The Columbia School

Another major camp of functionalism was at Columbia University and included such notable psychologists as James McKeen Cattell (1860-1944), Robert Sessions Woodworth (1869-1962), and Edward Lee Thorndike (18741949).

In line with the functionalist's embrace of applied psychology and the study of individual differences, Cattell laid the foundation for the psychological testing movement that would become massive in the 1920's and beyond. Under the influence of Galton, Cattell stressed the statistical analysis of large data sets and the measurement of mental abilities. He developed the order of merit methodology, in which participants rank-order a set of stimuli (for instance, the relative appeal of pictures or the relative eminence of a group of scientists) from which average ranks are calculated.

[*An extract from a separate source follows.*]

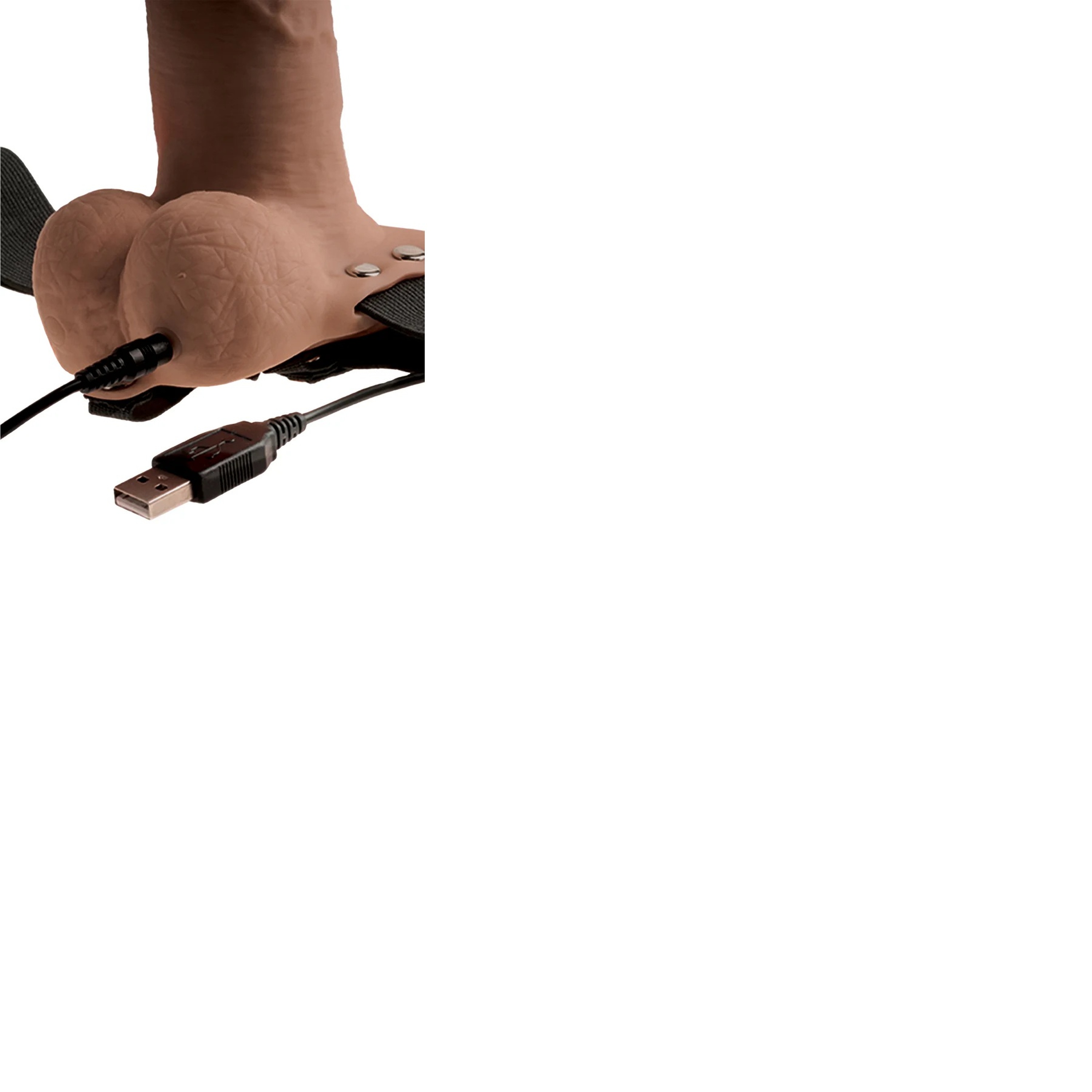 The rechargeable hollow strap-on is ready to go when you are and you’ll never have to worry about changing batteries again. Press and hold the button on the left testicle for three seconds to power on, then press the button again to cycle through ten thrilling pulsation patterns. Powered by a long-lasting lithium-ion battery, the super strong Japanese motor delivers thrilling, multi-speed vibrations at the tip of the dildo—precisely where your partner wants them most. The dildo is body-safe, latex-free, and compatible with both water-based and silicone-based lubricants. Cleanup is a snap after the fun with Pipedream toy cleaner and warm water. The included USB charging cord works with most USB power sources.

Woodworth is best known for his emphasis on motivation in what he called dynamic psychology. In this system, Woodworth acknowledged the importance of considering environmental stimuli and overt responses but emphasized the necessity of understanding the organism (perceptions, needs, or desires), representing therefore an early stimulis-organism-response (S-O-R) approach to psychology.

Thorndike represented a bridge from functionalism to behaviorism, a new school of thought that was led by John Broadus Watson (1878-1958) and emerged around 1913. Thorndike was notable for his use ofnonhuman subjects, a position consistent with Darwin's emphasis on the continuity among organisms. He is also famous for his puzzle box research with cats, which led to his Law of Effect, which states that when an association is followed by a satisfying state of affairs, that association is strengthened. This early operant conditioning research was later expanded on by the famous behaviorist psychologist B. F. Skinner (1904-1990).